Or: 'How I lost my long playing virginity to a Clash 12 inch...'
It was thirty-four years ago today... Well, in fact it was thirty-four years and eleven days ago today: rewind to April 8th 1977 and the Clash’s eponymous first album arrived in our record shop racks. A perfect platter. Even the sleeve alone is iconic.
I’ve liked, been, drawn, worn, said and done lots of things in my life that are truly embarrassing - but buying my first album isn’t one of them!
I bought ‘The Clash’, and I’m proud! I was still at school and had to save my pocket money for months before I could pool together the £2.99 (or thereabouts) required to enter the new and rather adult world of LP ownership.
Up to then I’d bought a few 7” singles (which could definitely be included in the ‘embarrassing things’ list - well, I was barely in my teens) but there was something about purchasing an
album that was in a totally different league.
It meant you were serious. You liked a band enough to want to hear perhaps ten or more songs by them in succession, numbers that wouldn’t get played on the radio, tracks that you might not even like on the first listen, but you were prepared to make that commitment.
I went into the local record shop, Startime, and asked to listen to ‘The Clash’ on the headphones.
Within the first few seconds, as ‘Janie Jones’ burst into life and blasted into my ears, I knew I had to have it.
(Share that memory with me here.) As my friends and I walked home from town, I took it out of the carrier bag and tucked it under my arm so that everybody could see what I had just done.
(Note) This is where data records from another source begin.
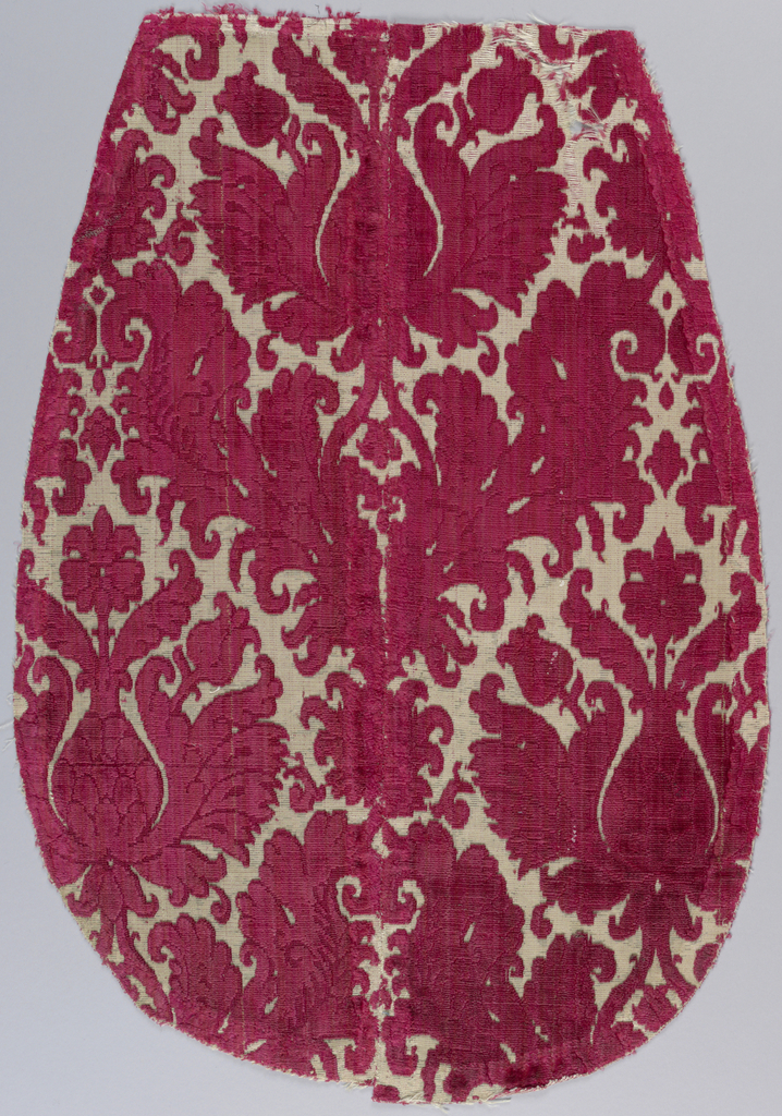 This is a Fragment. It is dated 17th century and we acquired it in 1953. Its medium is silk, metallic thread and its technique is velvet. It is a part of the Textiles department.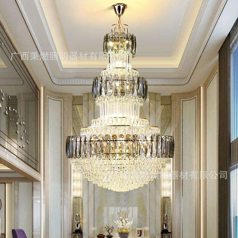 欧式水晶吊灯复式楼别墅客厅楼梯大吊灯奢华大气多层灯具挑空酒店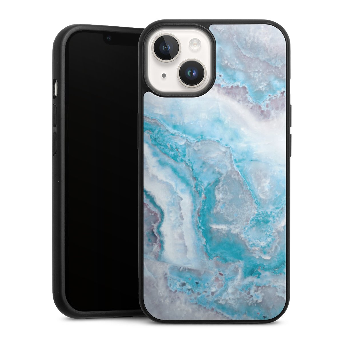 We print your design on the back of the glass inlay and then connect it firmly to the silicone case ,so that nothing sticks out and everything looks like it was cast from one piece. In addition, the sturdy glass element is protected from scratches by an additional coating and ensures a slight reflection on the shiny print image.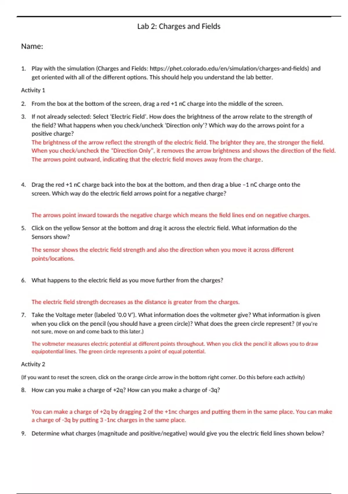 1. Play with the simulation (Charges and Fields: https://phet.colorado.edu/en/simulation/charges-and-fields) and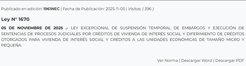 La Paz, 05 de nov de 2025 (RED DTV).– En la última reunión de su gabinete ministerial, el presidente Luis Arce promulgó hoy la ley de diferimiento de créditos, que suspende por seis meses los embargos y la ejecución de sentencias judiciales relacionadas con préstamos de vivienda, buscando aliviar la carga de los deudores en el país.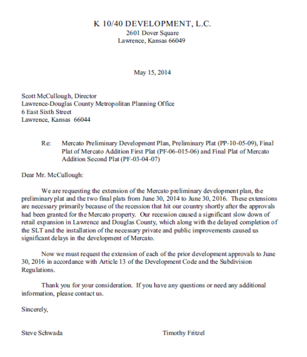 A written request for an extension of the approval for the Preliminary Development Plan was submitted prior to the expiration date, June 30, 2014. (Attachment A) The applicant indicated that development of this area has been slower than anticipated due in part to the slow economy and the delayed construction of the South Lawrence Trafficway.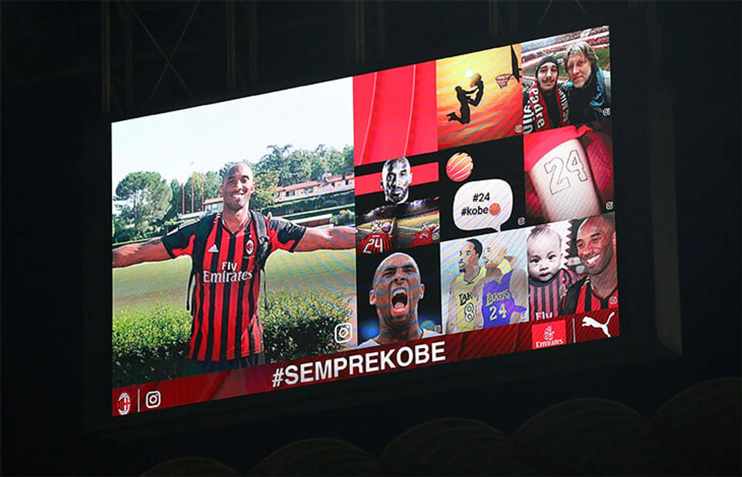 Спортивный мир продолжает скорбеть по великому Брайанту: Супербоул начался с минуты молчания, граффити в честь Кобе и Джанны появляются по всему миру. Новая акция памяти – от «Милана».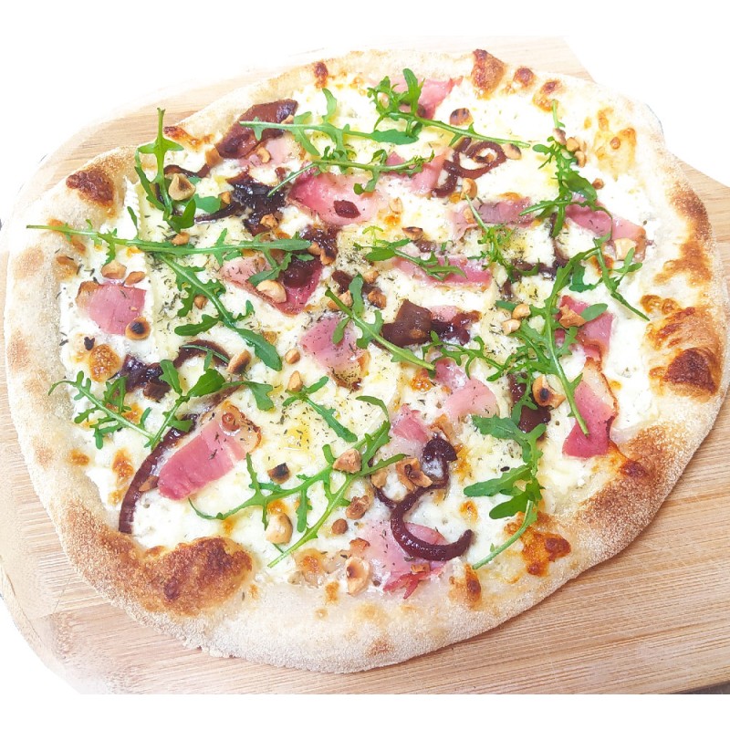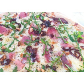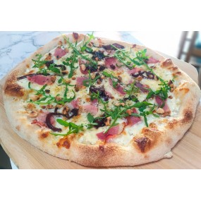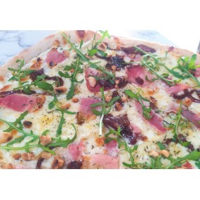 Crème, mozzarella, jambon cru, tranches de Brie, oignons caramélisés au miel, noisettes grillées, roquette, thym.
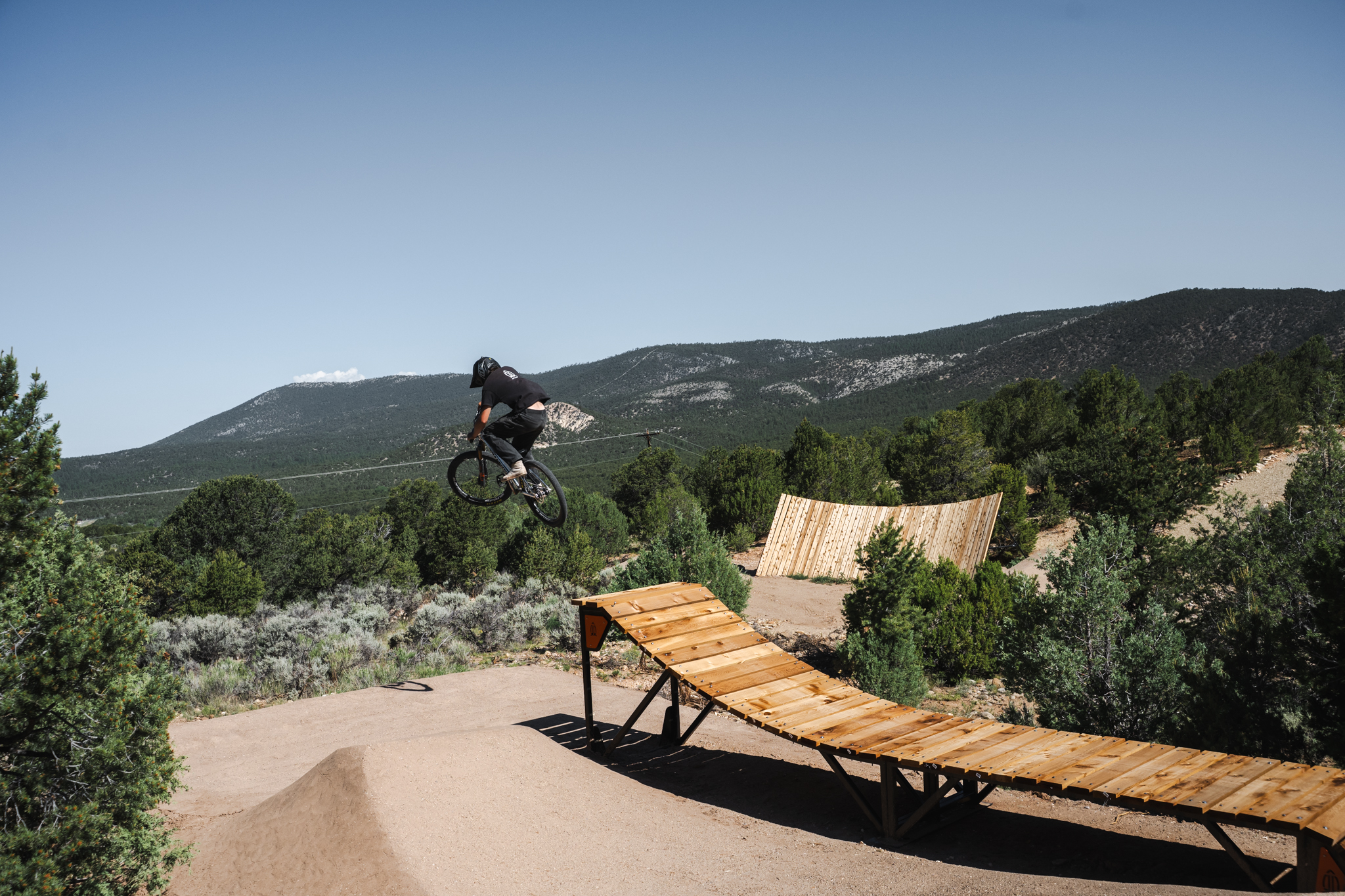 When Henry Lanman, Founder of Rocket Ramps, outlined the possible jump lines and features they could build for the Picuris Pueblo, he was initially taken aback by their request. “I was like, ‘Okay, let me be clear: this jump is 50 feet long and the lip is 15 feet tall. Is this what you want?’ And they’re like, ‘Absolutely. We want to jump the road. We want the craziest jumps ever.'” The vision was spearheaded by former Tribal Governor Craig Quanchello, who wanted to provide infrastructure for the Pueblo’s youth to pursue their passions. According to Lanman, there’s nothing like the Picuris Pueblo Bike Park within a 300-mile radius of this tiny town. The scale and quality are entirely new for New Mexico, and potentially the entire Southwest.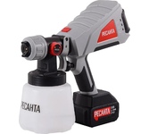 Краскопульт аккумуляторный Ресанта АКП-20Li 75/17/3 - аккумуляторный краскораспылитель Ресанта, предназначенный для нанесения лакокрасочных материалов, грунтовок, морилок, средств защиты древесины и растений, масел, антикоррозионных покрытий, дезинфицирующих средств на основе растворителей и воды и других неэлектропроводных жидкостей определенной вязкости на небольшие по площади поверхности при помощи воздушного распыления.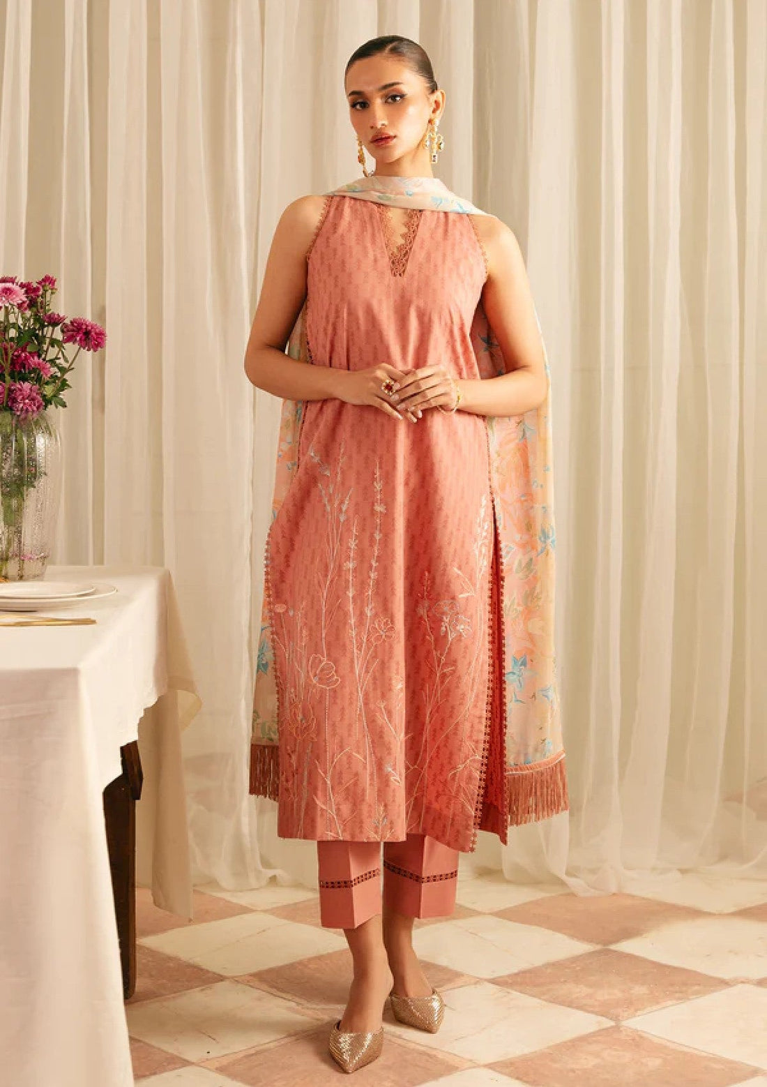 Lawn - Sahar - Jacquard Embroidered - FL-V1-S25-03 - Peach Blossom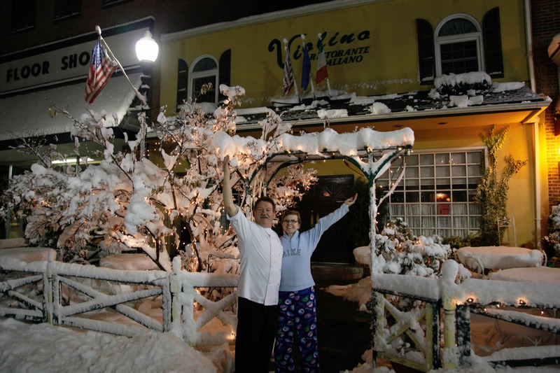 In front of a charming Italian restaurant adorned with snow, two figures joyfully raise their arms, embracing the wintry night. The warm glow from the restaurant contrasts beautifully with the cold, snowy landscape, creating a cozy, inviting atmosphere. Flags subtly flutter in the background, adding to the scene's festive mood.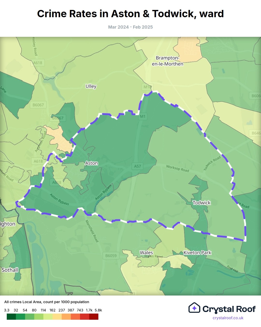 Aston & Todwick, (ward) includes areas with the following crime ratings (see map):
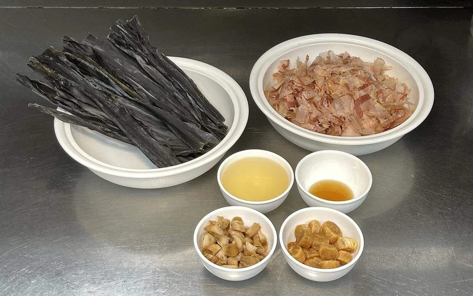 He shared the stock recipe - which calls for dried scallops, dried whelk and kombu from Japan - with his wife. The natural umami means she needs less salt and soya sauce when using the stock for dishes such as mee hoon kueh and steamed fish.

You know what it’s like when you’re young and daft and actually believe that the man/woman in the street might be impressed or (preferably) outraged by the music you're into, a bit like winding your car windows down at traffic lights and turning up the volume on your CD player so the world can share your sonic choices…
It was like a rite of passage.
At that time here in the
UK punk was emerging from the underground and making controversial headlines, and when I started getting interested in it my parents may have been worrying that their shy little daughter might go off the rails.
“Don’t worry, mum, I just like the music, I don’t want to look like that…”
But secretly I was harbouring the desire to; and, not long after, I bought a red studded dog collar from the pet shop.
I didn’t realise I had the same neck measurements as a bull mastiff but there you go.
I hid it in a drawer and when I went out I used to wait ‘til I was around the corner from home to put it on.
As is the way in life, one thing often leads to another and by the following year I was customising clothes, had my long hair cut short and was open about my obsession with this new music and its many dimensions.
One day at school I was obviously showing my boredom with Pythagoras’ Theorem and was stirred from my daydreams of meeting Paul Simonon by my maths teacher shouting, “Would the
punk rocker please pay attention?” It was the best compliment the old bat could have paid me.
But it all started with the Clash.
Since those early days I’ve been into so many songs, so many groups, so many albums, but there is something about this band, and their debut in particular, that stands that difficult test of time, and, oh, I love them for it.